== Extracted entries

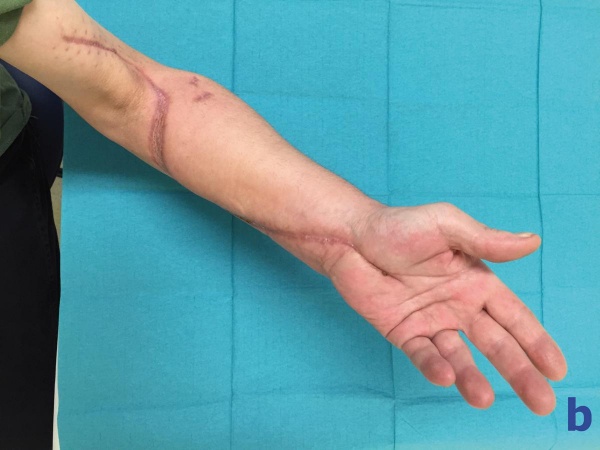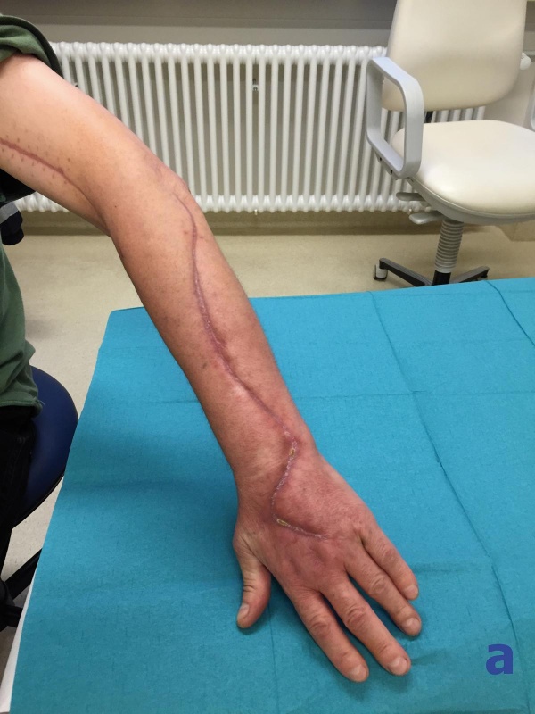 Nach Entlassung nahm der Patient mehrfach die angebotene poststationäre Beurteilung durch unsere Abteilung wahr. Hier zeigte sich ein komplikationsloser Verlauf mit guter Wundheilung. Beim letzten postoperativen Vorstellungstermin (57 Tage nach Operation) war nahezu eine Restitutio ad integrum zu verzeichnen: Eine normale Funktion von Arm und Hand ohne Probleme bei Bewältigung des Alltags war wieder gegeben; nur eine minimale, am ehesten narbenbedingte Bewegungseinschränkung der Hand wurde noch beklagt. Weiterhin persistierte noch eine Taubheit im Bereich einer circa 10 x 5 cm großen Stelle um medialen Unterarm.
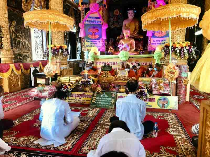 La pagoda Pitu Khosa Rangsay decora el salón principal solemnemente para celebrar la Ceremonia de Ofrenda de la Túnica Kathina. |
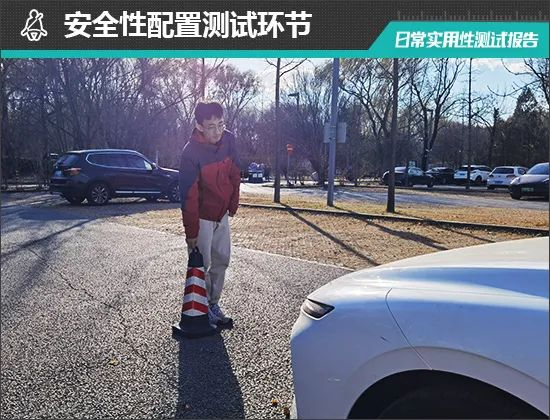 在测试前方视野环节,我们采用高70cm的桩桶作为参照物,随后调整车距,直至在主驾驶位可以看到桩桶上沿。经过测试,桩桶与车头最终测得的数据为1.5m,在测试过的同级别车型中处于上游水平。
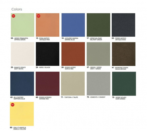 Материал: окрашенная сталь. Состав: железо и углеродный сплав с содержанием углерода менее 2%, обработанные, чтобы выдерживать воздействия окружающей среды, с помощью уникально антикоррозионной обработки EMU-Coat.
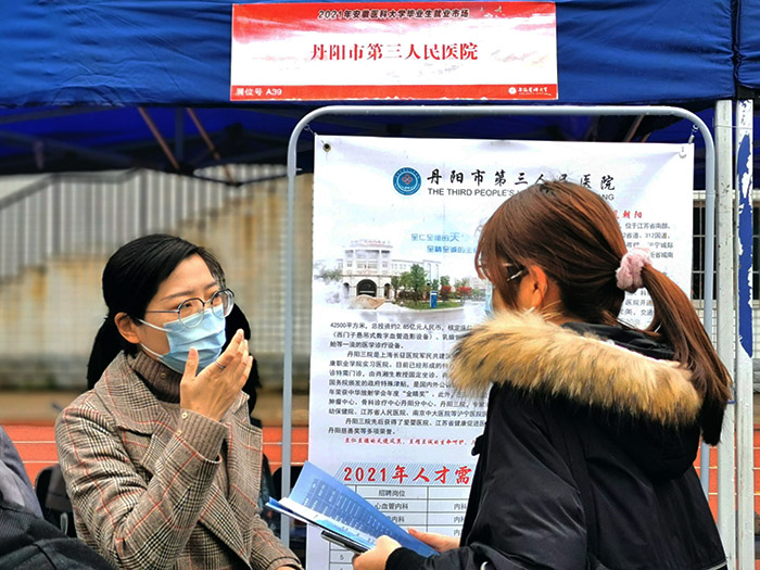 学校认真贯彻习近平总书记关于高校毕业生就业工作的指示批示精神、认真落实“六稳”和“六保”工作,认真落实2021年全国两会中提出国家就业优先政策,把毕业生就业工作作为学校工作的重中之重,坚持全员抓、全年抓、全力抓的就业育人理念。此次招聘会共有来自全国的113家单位参加,80%以上为市县级医疗卫生事业单位,提供就业岗位近万个。现场情况火爆,淮北市等多家卫生健康委员会组团参会,南京鼓楼医院等众多医院和医药企业招聘宣讲、专场招聘同时进行。据统计,当天同时举办了12个用人单位专场招聘会。

====

→ Work required: Without the pictures, copy the entries from their first line through the line containing "在测试前方视野环节,我们采用", and only those lines.

→ Reply:
 Nach Entlassung nahm der Patient mehrfach die angebotene poststationäre Beurteilung durch unsere Abteilung wahr. Hier zeigte sich ein komplikationsloser Verlauf mit guter Wundheilung. Beim letzten postoperativen Vorstellungstermin (57 Tage nach Operation) war nahezu eine Restitutio ad integrum zu verzeichnen: Eine normale Funktion von Arm und Hand ohne Probleme bei Bewältigung des Alltags war wieder gegeben; nur eine minimale, am ehesten narbenbedingte Bewegungseinschränkung der Hand wurde noch beklagt. Weiterhin persistierte noch eine Taubheit im Bereich einer circa 10 x 5 cm großen Stelle um medialen Unterarm.
 La pagoda Pitu Khosa Rangsay decora el salón principal solemnemente para celebrar la Ceremonia de Ofrenda de la Túnica Kathina. |
 在测试前方视野环节,我们采用高70cm的桩桶作为参照物,随后调整车距,直至在主驾驶位可以看到桩桶上沿。经过测试,桩桶与车头最终测得的数据为1.5m,在测试过的同级别车型中处于上游水平。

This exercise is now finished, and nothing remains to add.